Category 4: Important Docs
It’s recommended that you keep the last year of information for every open account, especially if you’ll file taxes on their behalf. So, if they have pets, keep the documents that list their veterinarian, shot records, when they’re due for a visit, etc. Keep all bank accounts, financial records, pension, Social Security. Keep a copy of the bills for all of the utilities, cell phones, memberships, etc. You most likely will cancel the contracts, but keep it as a reminder to cancel. Then when you cancel, file it in the “keep for one year then throw” folder (or however long your CPA or attorney suggest you keep each document).
If the document contains an account number or contact information you need to keep, start a master list. On this list, you can keep track of every account, as well as the tasks you need to complete for that account. For example: USAA bank checking account: (1) send death certificate to bank, (2) transfer money to my USAA checking account (3) close account. Once you write it on the master list, you can then file the paperwork in the proper folder or add the paper to the shred box. If you’d like to have back-ups, I recommend writing one list on your computer, and encrypting with a password, and the second on a pad of paper that you keep with you.
Category 5: Shred
These are documents that contain personal information such as Social Security numbers, bank account numbers, passwords, etc. Label a bankers box with “shred” and place all these documents in here. It’s possible this will be your second largest pile of paperwork, depending on how far back documents and files were archived. Again, double check with your CPA and attorney to see which documents you need to keep.

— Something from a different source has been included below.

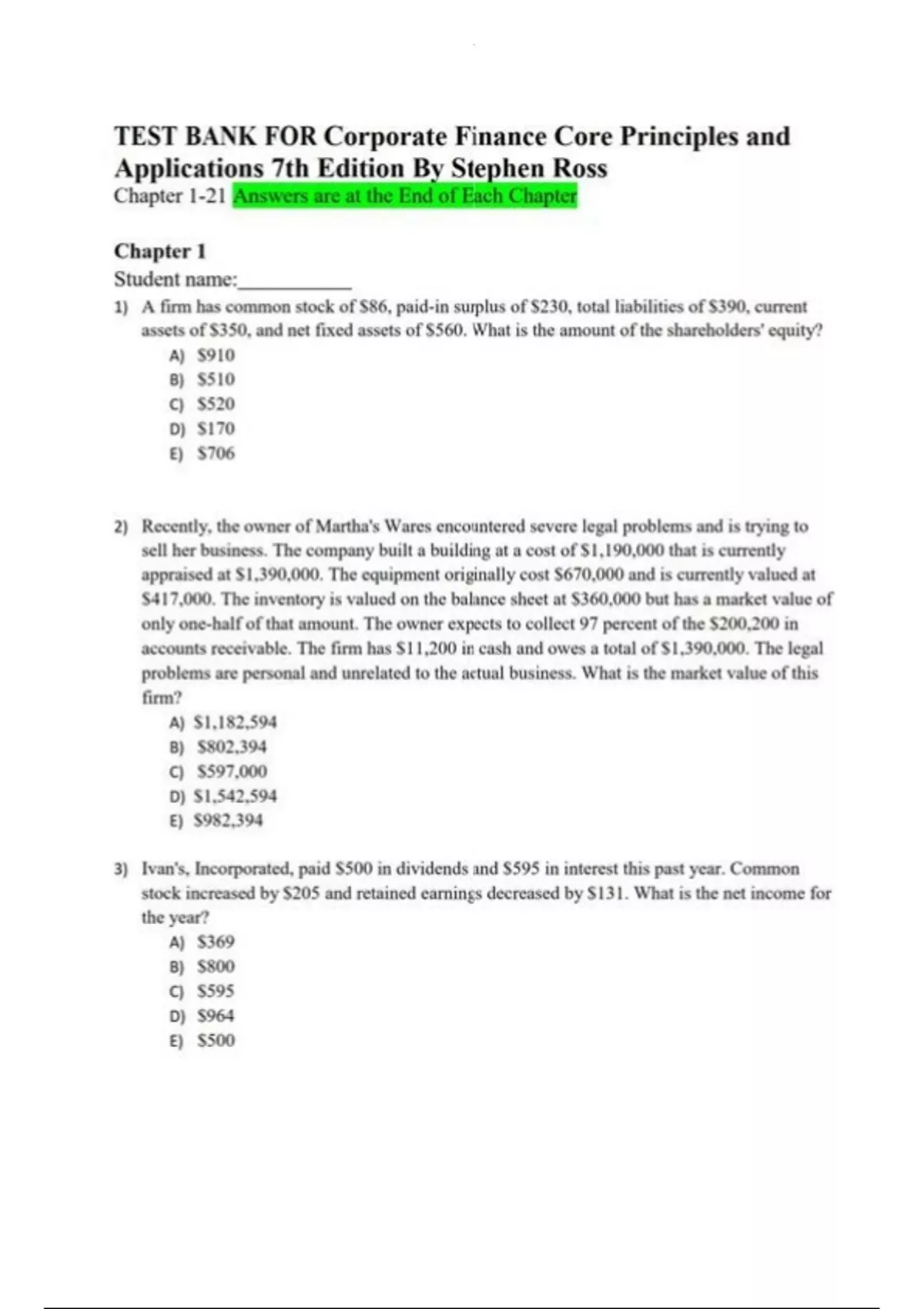TEST BANK FOR Corporate Finance Core Principles and Applications 7th Edition By Stephen Ross-A firm has common stock of $86, paid-in surplus of $230, total liabilities of $390, current assets of $350, and net fixed assets of $560. What is the amount of the shareholders' equity? A) $910 B) $510 C) $520 D) $170 E) $706 2) Recently, the owner of Martha's Wares encountered severe legal problems and is trying to sell her business. The company built a building at a cost of $1,190,000 that is currently appraised at $1,390,000. The equipment originally cost $670,000 and is currently valued at $417,000. The inventory is valued on the balance sheet at $360,000 but has a market value of only one-half of that amount. The owner expects to collect 97 percent of the $200,200 in accounts receivable. The firm has $11,200 in cash and owes a total of $1,390,000. The legal problems are personal and unrelated to the actual business. What is the market value of this firm? A) $1,182,594 B) $802,394 C) $597,000 D) $1,542,594 E) $982,394 3) Ivan's, Incorporated, paid $500 in dividends and $595 in interest this past year. Common stock increased by $205 and retained earnings decreased by $131. What is the net income for the year? A) $369 B) $800 C) $595 D) $964 E) $500 4) The tax rates for a particular year are shown below: Taxable Income Tax Rate $0 – 50,000 15% 50,001 – 75,000 25% 75,001 – 100,000 34% 100,001 – 335,000 39% What is the average tax rate for a firm with taxable income of $124,013? A) 39.00% B) 36.39% C) 20.00% D) 27.98% E) 25.49% 5) The tax rates are as shown below: Taxable Income Tax Rate $0 – 50,000 15% 50,001 – 75,000 25% 75,001 – 100,000 34% 100,001 – 335,000 39% Your firm currently has taxable income of $81,700. How much additional tax will you owe if you increase your taxable income by $22,900? A) $7,626 B) $8,016 C) $8,931 D) $7,636 E) $7,786 6) Your firm has net income of $371 on total sales of $1,460. Costs are $800 and depreciation is $130. The tax rate is 30 percent. The firm does not have interest expenses. What is the operating cash flow? A) $501 B) $660 C) $901 D) $530 E) $371 7) Teddy's Pillows had beginning net fixed assets of $477 and ending net fixed assets of $562. Assets valued at $325 were sold during the year. Depreciation was $54. What is the amount of net capital spending? A) $464 B) $139 C) $85 D) $31 E) $291 8) At the beginning of the

Realize there is no time limit on when this has to be done. It’s possible you are giving yourself one, whether you feel it should be done by a certain date or if there is a legitimate reason, but don’t feel pressured to finish. The last thing you want is to be in “purge mode” and you get rid of something that later brings you regret.
My only word of caution: try not to just box up everything and hide it away in a closet or storage unit. If you absolutely cannot deal with it now, at least do some organizing before you box it away. If you know what’s in a box, you’ll be more likely to open that box in the future. So, label the boxes with photos, financials, personal letters, work, contracts, house, etc. This way, you may one day soon (rather than much later) open the closet door, see 20 labeled boxes and rather than feeling overwhelmed, you’ll tell yourself, you’ll just deal with the financials today and take down that one box. It’ll also prove easier to deal with any issues that arise, because you’ll hopefully be able to go directly to the box that may hold some answers.
Putting a hand on every single document from someone’s life takes time. It’s a daunting task just by itself. Add in the emotional aspect and it becomes a mountain of a task. Start the project realizing it will take a while and don’t hesitate to ask a friend or professional to help guide you through the mountain of paperwork.